Instructions for the task ::
Transcribe only the part of the material below that begins at the line containing "为了进一步提高公司员工干部的" and ends at the line containing "m2时,通风6 h就可以使室内氡浓度与室外趋向一致;当S为2 m2时,通风4", with both kept and images left out.

[Provided data — start]

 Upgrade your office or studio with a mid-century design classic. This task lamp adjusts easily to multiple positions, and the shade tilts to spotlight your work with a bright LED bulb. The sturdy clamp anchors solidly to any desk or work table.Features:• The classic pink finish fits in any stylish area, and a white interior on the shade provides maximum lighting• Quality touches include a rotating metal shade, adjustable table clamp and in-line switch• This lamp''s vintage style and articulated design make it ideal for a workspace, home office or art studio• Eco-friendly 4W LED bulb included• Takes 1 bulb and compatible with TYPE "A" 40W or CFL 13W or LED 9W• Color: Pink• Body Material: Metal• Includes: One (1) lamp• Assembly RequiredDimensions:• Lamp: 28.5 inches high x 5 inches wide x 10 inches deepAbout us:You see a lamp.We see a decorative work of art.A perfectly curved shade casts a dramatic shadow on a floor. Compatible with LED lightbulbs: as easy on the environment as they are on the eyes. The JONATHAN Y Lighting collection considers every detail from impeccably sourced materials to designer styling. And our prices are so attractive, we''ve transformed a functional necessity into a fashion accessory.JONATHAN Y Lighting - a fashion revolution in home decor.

[Provided data — finish]
[Provided data — start]

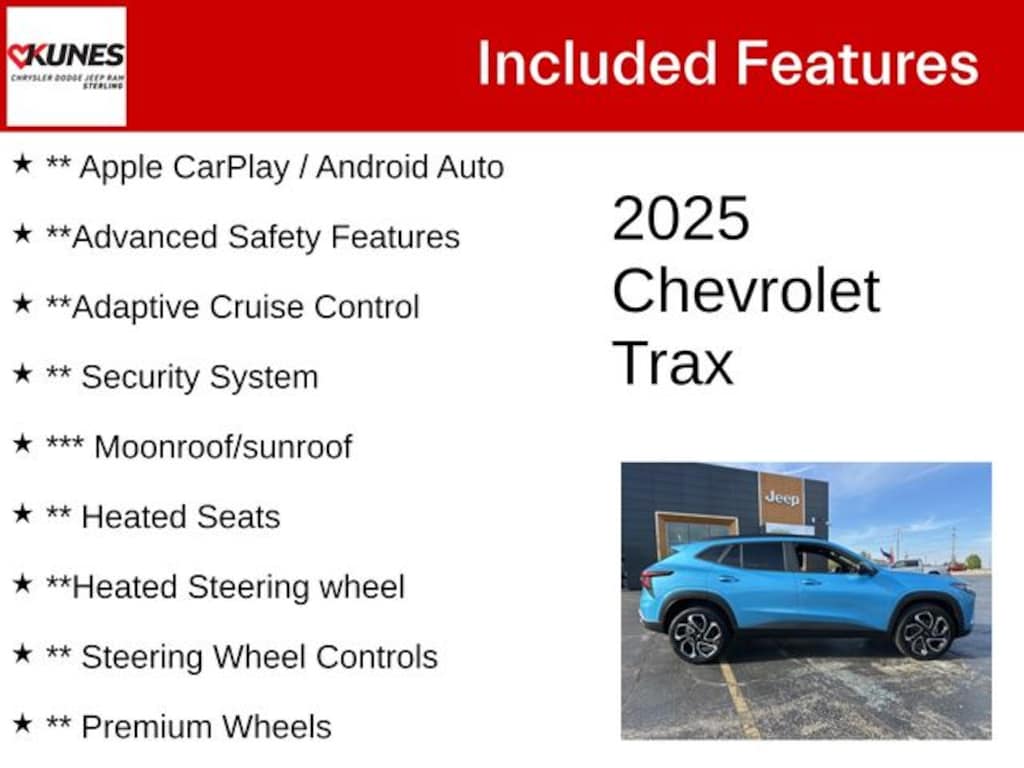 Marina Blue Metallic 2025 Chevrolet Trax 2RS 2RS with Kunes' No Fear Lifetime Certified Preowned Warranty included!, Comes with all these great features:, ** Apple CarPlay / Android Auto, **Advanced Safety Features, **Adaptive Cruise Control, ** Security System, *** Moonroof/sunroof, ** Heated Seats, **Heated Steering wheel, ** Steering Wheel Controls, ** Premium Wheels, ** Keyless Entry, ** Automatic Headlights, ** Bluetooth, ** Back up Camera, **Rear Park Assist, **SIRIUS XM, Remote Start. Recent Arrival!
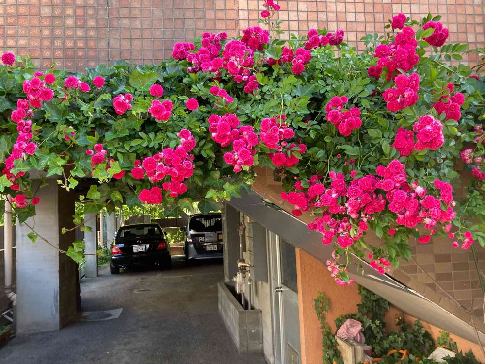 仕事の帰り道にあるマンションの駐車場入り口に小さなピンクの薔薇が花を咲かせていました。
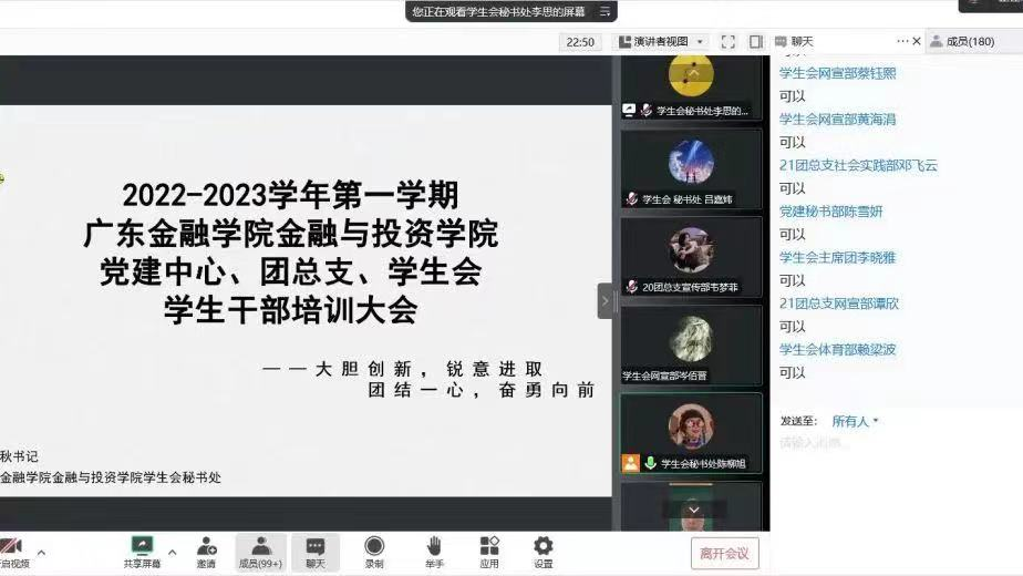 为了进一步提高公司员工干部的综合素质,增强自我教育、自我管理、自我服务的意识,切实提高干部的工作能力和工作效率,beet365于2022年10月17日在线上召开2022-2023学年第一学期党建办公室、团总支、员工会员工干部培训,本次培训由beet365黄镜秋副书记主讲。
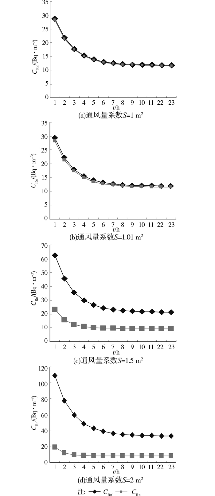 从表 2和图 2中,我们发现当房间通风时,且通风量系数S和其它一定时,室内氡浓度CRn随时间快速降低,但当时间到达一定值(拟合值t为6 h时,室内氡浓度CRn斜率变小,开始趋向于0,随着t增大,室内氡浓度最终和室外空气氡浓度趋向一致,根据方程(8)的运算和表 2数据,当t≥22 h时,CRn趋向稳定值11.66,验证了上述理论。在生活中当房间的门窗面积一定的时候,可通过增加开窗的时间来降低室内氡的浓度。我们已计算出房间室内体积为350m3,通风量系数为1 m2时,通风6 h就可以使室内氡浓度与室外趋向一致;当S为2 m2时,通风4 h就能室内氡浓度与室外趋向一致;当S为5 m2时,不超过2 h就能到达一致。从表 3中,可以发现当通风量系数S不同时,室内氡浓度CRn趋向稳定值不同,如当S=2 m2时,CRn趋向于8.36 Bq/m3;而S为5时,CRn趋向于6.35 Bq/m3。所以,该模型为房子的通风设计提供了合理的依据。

[Provided data — finish]
[Provided data — start]

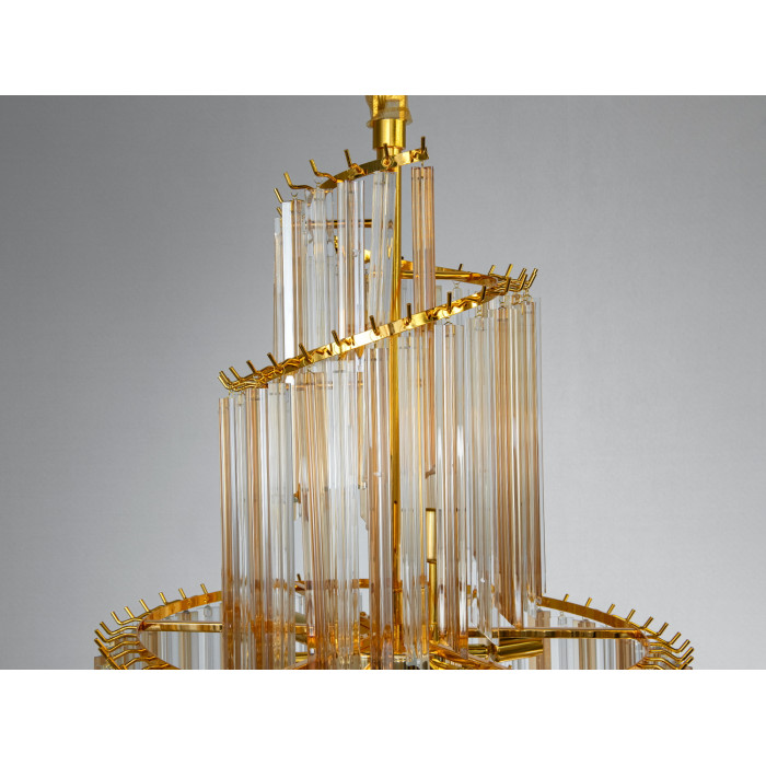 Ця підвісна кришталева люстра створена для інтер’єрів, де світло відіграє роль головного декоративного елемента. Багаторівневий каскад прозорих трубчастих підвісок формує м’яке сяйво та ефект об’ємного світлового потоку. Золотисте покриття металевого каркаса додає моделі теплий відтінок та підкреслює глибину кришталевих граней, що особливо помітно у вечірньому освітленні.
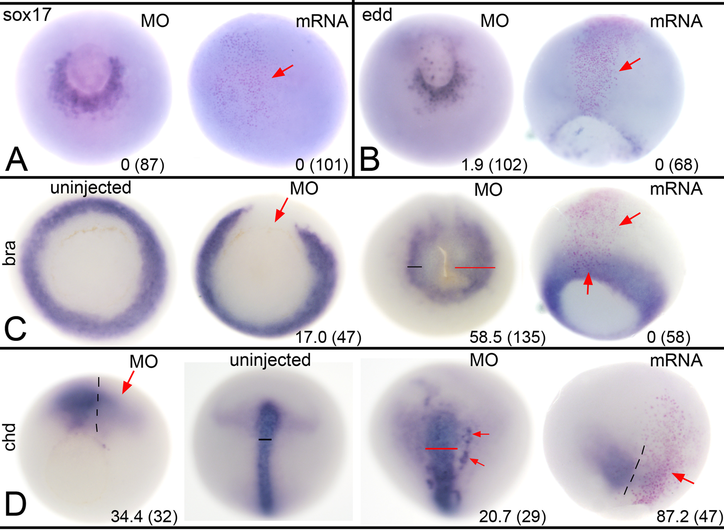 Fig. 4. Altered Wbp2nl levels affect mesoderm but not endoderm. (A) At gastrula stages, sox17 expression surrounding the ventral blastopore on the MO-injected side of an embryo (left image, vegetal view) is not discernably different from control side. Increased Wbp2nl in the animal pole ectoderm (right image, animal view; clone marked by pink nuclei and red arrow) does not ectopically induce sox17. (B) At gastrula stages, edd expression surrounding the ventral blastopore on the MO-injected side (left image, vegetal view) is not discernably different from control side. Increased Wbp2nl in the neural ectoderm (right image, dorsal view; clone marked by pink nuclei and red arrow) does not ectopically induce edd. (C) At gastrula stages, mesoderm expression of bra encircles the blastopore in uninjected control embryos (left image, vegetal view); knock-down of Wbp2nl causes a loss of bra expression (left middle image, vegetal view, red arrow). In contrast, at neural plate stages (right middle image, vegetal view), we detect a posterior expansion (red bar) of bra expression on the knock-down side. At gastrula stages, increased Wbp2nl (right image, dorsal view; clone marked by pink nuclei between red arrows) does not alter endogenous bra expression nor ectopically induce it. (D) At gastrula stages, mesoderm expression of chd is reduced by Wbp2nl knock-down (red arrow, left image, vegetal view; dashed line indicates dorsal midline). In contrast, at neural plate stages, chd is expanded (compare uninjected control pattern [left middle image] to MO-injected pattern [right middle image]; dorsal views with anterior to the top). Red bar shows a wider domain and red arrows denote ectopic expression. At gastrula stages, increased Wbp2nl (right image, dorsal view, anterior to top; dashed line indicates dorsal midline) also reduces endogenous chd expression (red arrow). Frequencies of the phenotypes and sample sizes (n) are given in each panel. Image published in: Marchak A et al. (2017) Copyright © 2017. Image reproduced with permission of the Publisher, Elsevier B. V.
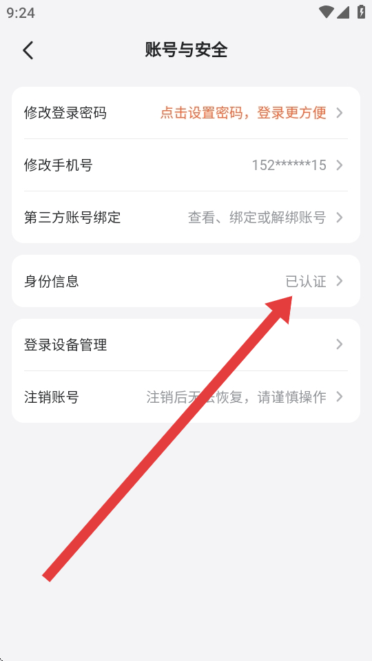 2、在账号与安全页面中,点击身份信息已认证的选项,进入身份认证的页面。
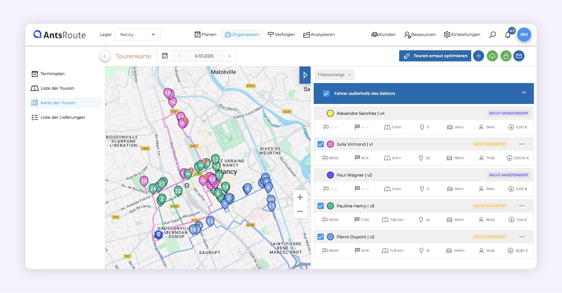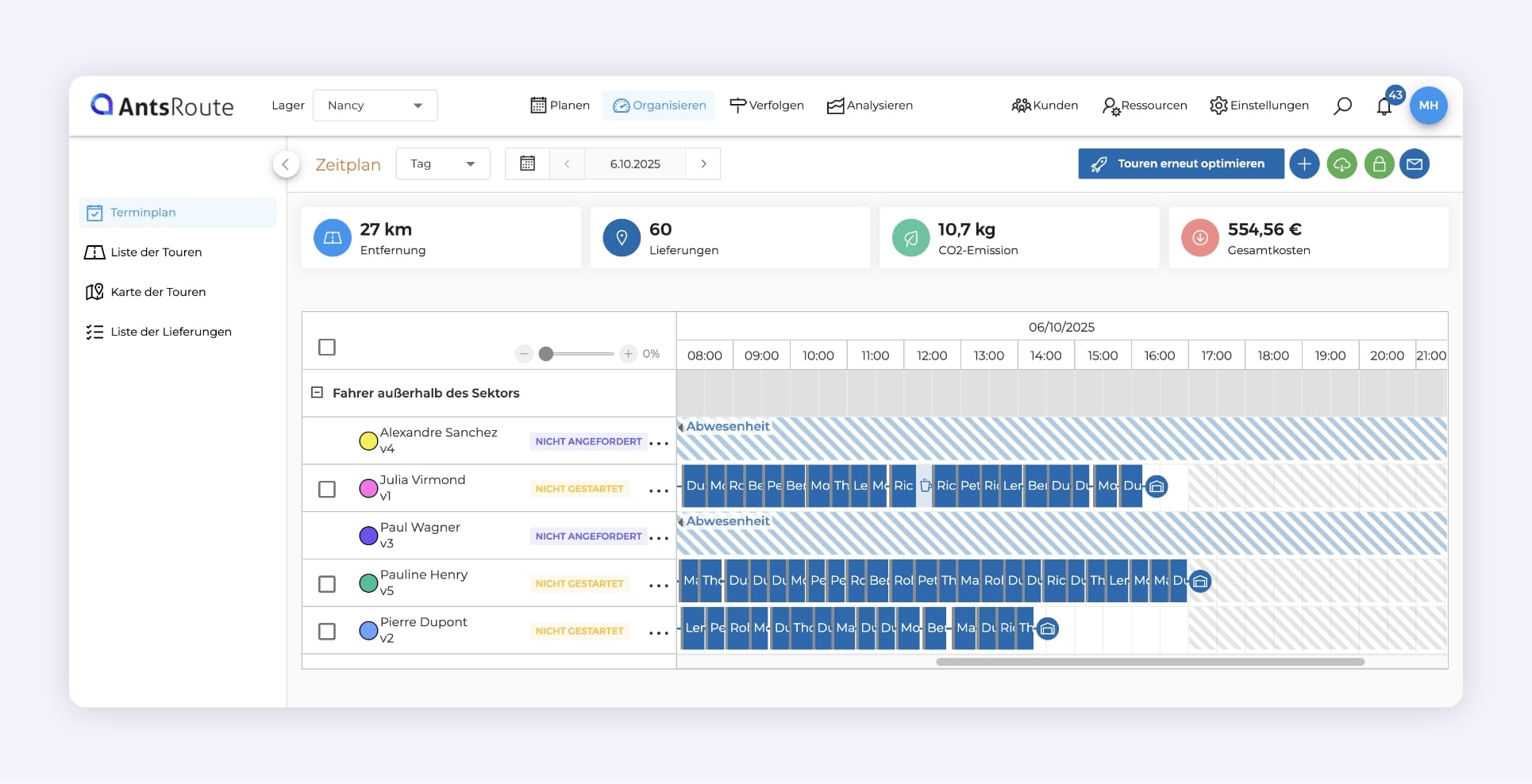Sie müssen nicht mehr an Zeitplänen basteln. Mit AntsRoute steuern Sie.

[Provided data — finish]

Result ::
 为了进一步提高公司员工干部的综合素质,增强自我教育、自我管理、自我服务的意识,切实提高干部的工作能力和工作效率,beet365于2022年10月17日在线上召开2022-2023学年第一学期党建办公室、团总支、员工会员工干部培训,本次培训由beet365黄镜秋副书记主讲。
 从表 2和图 2中,我们发现当房间通风时,且通风量系数S和其它一定时,室内氡浓度CRn随时间快速降低,但当时间到达一定值(拟合值t为6 h时,室内氡浓度CRn斜率变小,开始趋向于0,随着t增大,室内氡浓度最终和室外空气氡浓度趋向一致,根据方程(8)的运算和表 2数据,当t≥22 h时,CRn趋向稳定值11.66,验证了上述理论。在生活中当房间的门窗面积一定的时候,可通过增加开窗的时间来降低室内氡的浓度。我们已计算出房间室内体积为350m3,通风量系数为1 m2时,通风6 h就可以使室内氡浓度与室外趋向一致;当S为2 m2时,通风4 h就能室内氡浓度与室外趋向一致;当S为5 m2时,不超过2 h就能到达一致。从表 3中,可以发现当通风量系数S不同时,室内氡浓度CRn趋向稳定值不同,如当S=2 m2时,CRn趋向于8.36 Bq/m3;而S为5时,CRn趋向于6.35 Bq/m3。所以,该模型为房子的通风设计提供了合理的依据。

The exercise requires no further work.